In the present study we have analyzed the production of reactive oxygen species by toxin T-514 of the genus Karwinskia in vitro (primary liver cell cultures and microsomes), as well as their possible role in its cytotoxicity. The role of catalase and superoxide dismutase (SOD) as defense mechanisms against oxidative stress was also studied. Freshly isolated hepatocytes or microsomes were exposed to T-514 in the presence or absence of catalase and SOD. Cytotoxicity was determined by methylthiazoltetrazolium (MTT) reduction. Oxidative stress was evaluated by the dichlorofluorescein diacetate (DCFDA) fluorescent probe and the reduction of ferricytochrome c.
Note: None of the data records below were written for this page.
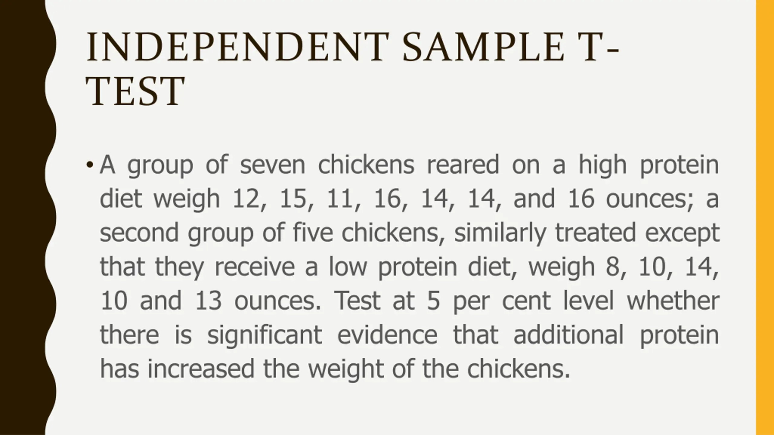 INDEPENDENT SAMPLE T- TEST A group of seven chickens reared on a high protein diet weigh 12, 15, 11, 16, 14, 14, and 16 ounces; a second group of five chickens, similarly treated except that they receive a low protein diet, weigh 8, 10, 14, 10 and 13 ounces. Test at 5 per cent level whether there is significant evidence that additional protein has increased the weight of the chickens.
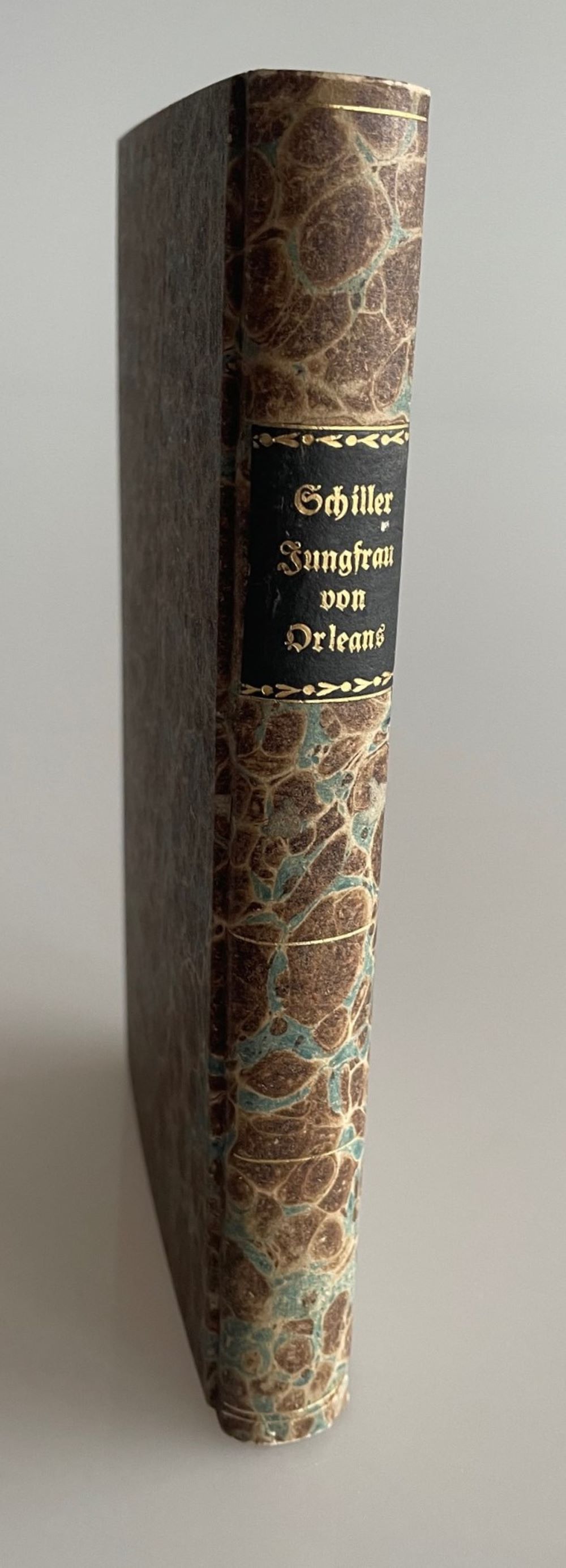 SCHILLER, [F.]: Die Jungfrau von Orleans. Eine Romantische Tragödie Berlin 1802 Duodez. Gestochenes Frontispiz von F.V. Poll, 216 S., teils stockfleckig. Pappband der Zeit.
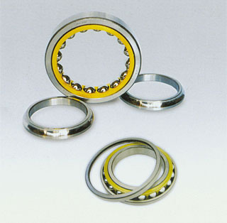 該類型軸承為可分離型軸承,鋼球和套圈之間呈四點(diǎn)接觸,可承受任意方向的軸向負(fù)荷或者徑向、軸向聯(lián)合負(fù)荷。該類型可以限制軸或者外殼的兩面軸向位移在軸承的軸向游隙范圍之內(nèi)。該類型軸承與深溝球軸承比較,當(dāng)徑向游隙相同時(shí)軸向游隙較小,且軸向負(fù)荷較大,極限轉(zhuǎn)速較高,但其軸向承載負(fù)荷低于雙列角接觸球軸承。根據(jù)安裝需要有雙半內(nèi)圈和雙半外圈兩種形式。
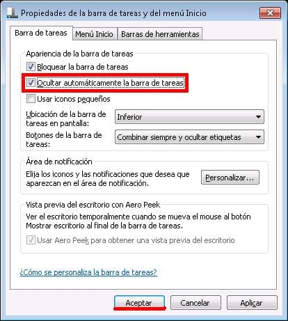 Barra de tareas con Windows 7 no se oculta
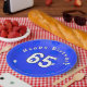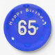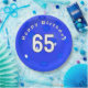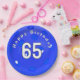 Nah-up eines neonblauen Pickleballs für einen 65. Geburtstag. Alle Texte können geändert oder gelöscht werden.

Exposure of hepatocytes to toxin T-514 for 2-, 4-, 6- and 24-h periods resulted in a time- and concentration-dependent increase in the suppression of mitochondrial metabolic activity. T-514 induced the production of reactive oxygen species in both hepatocytes and microsomes. Catalase and superoxide dismutase had a protective effect against the cytotoxicity of T-514 in hepatocytes and also inhibited the production of oxygen reactive species in microsomes. The results indicate that oxidative stress mediated by reactive intermediates may be a mechanism by which T-514 induces its cytotoxic effect.